(TO DO):
The range to repeat runs from the line with "Stranger's Guide 的視覺化與數位化呈現像是使用導覽手冊或是" to the last line below, both ends included; give it exactly and without pictures.

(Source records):
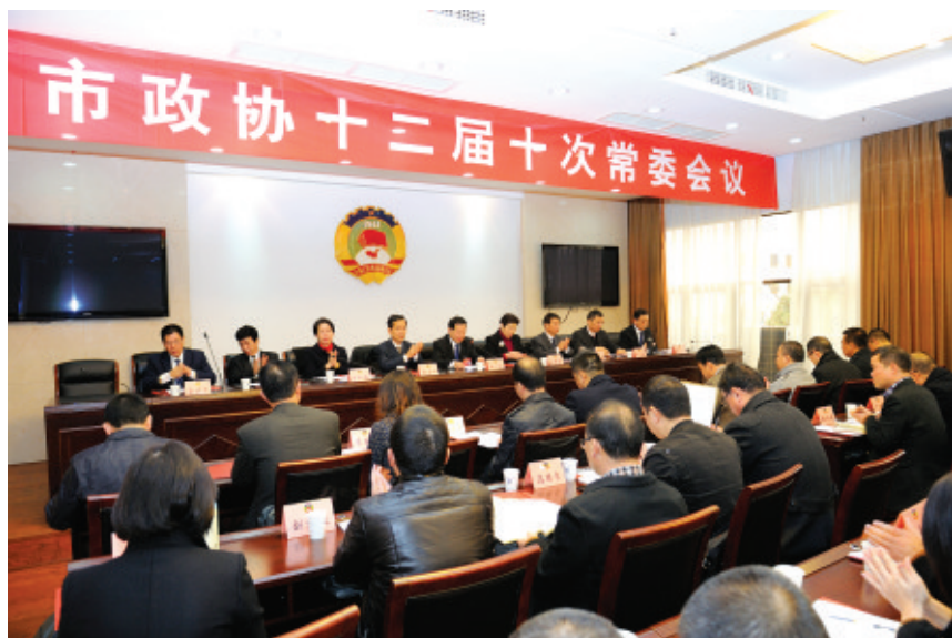
市政协十二届十次常委会
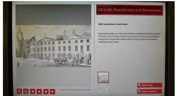
圖 6 建物資訊

道的內容，進入之後會看到十八世紀伯明罕的地圖以及景點位置，點選景點則會有景點介紹與相關說明。整個十八世紀 Stranger's Guide 的視覺化與數位化呈現像是使用導覽手冊或是 Google Map，身處二十一世紀的參觀者可以按照十八世紀旅人所提供的導覽手冊，像個初來乍到者一般興奮地探索十八世紀的伯明罕。透過導覽手冊，這個展覽希望觀眾能夠像旅行者或觀光客那樣去發現這個城市的「亮點」、產業發展，以及社交名人。（圖 4）（圖 5）
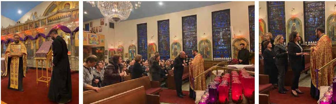
Holy Unction service Wednesday night
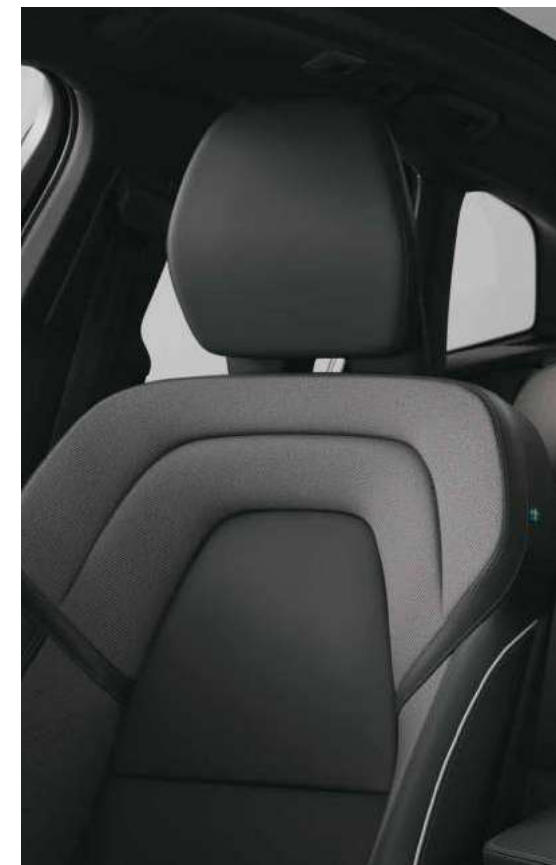
人体工程学Nappa+Open Grid织物运动型座椅
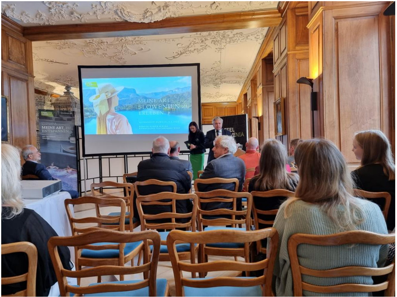
Vorträge zu Slowenien und den Heilbädern
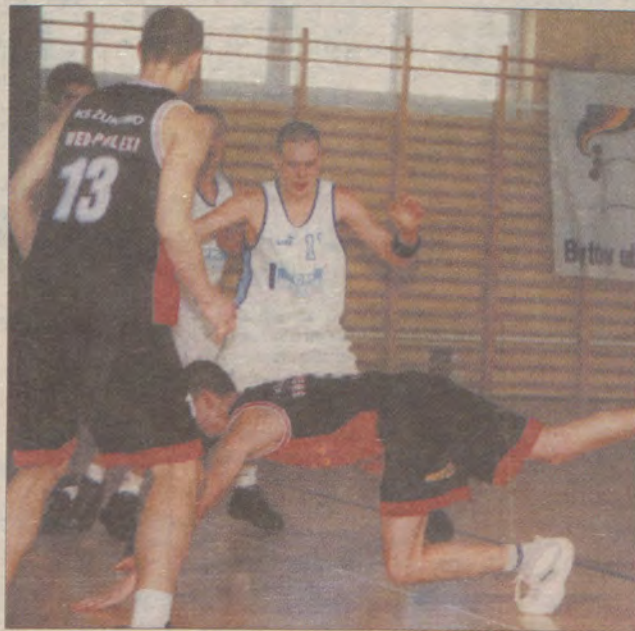
Bytowscy koszykarze w obecnym sezonie grają bardzo słabo.

(ANSWER TO THIS TASK):
道的內容，進入之後會看到十八世紀伯明罕的地圖以及景點位置，點選景點則會有景點介紹與相關說明。整個十八世紀 Stranger's Guide 的視覺化與數位化呈現像是使用導覽手冊或是 Google Map，身處二十一世紀的參觀者可以按照十八世紀旅人所提供的導覽手冊，像個初來乍到者一般興奮地探索十八世紀的伯明罕。透過導覽手冊，這個展覽希望觀眾能夠像旅行者或觀光客那樣去發現這個城市的「亮點」、產業發展，以及社交名人。（圖 4）（圖 5）
Holy Unction service Wednesday night
人体工程学Nappa+Open Grid织物运动型座椅
Vorträge zu Slowenien und den Heilbädern
Bytowscy koszykarze w obecnym sezonie grają bardzo słabo.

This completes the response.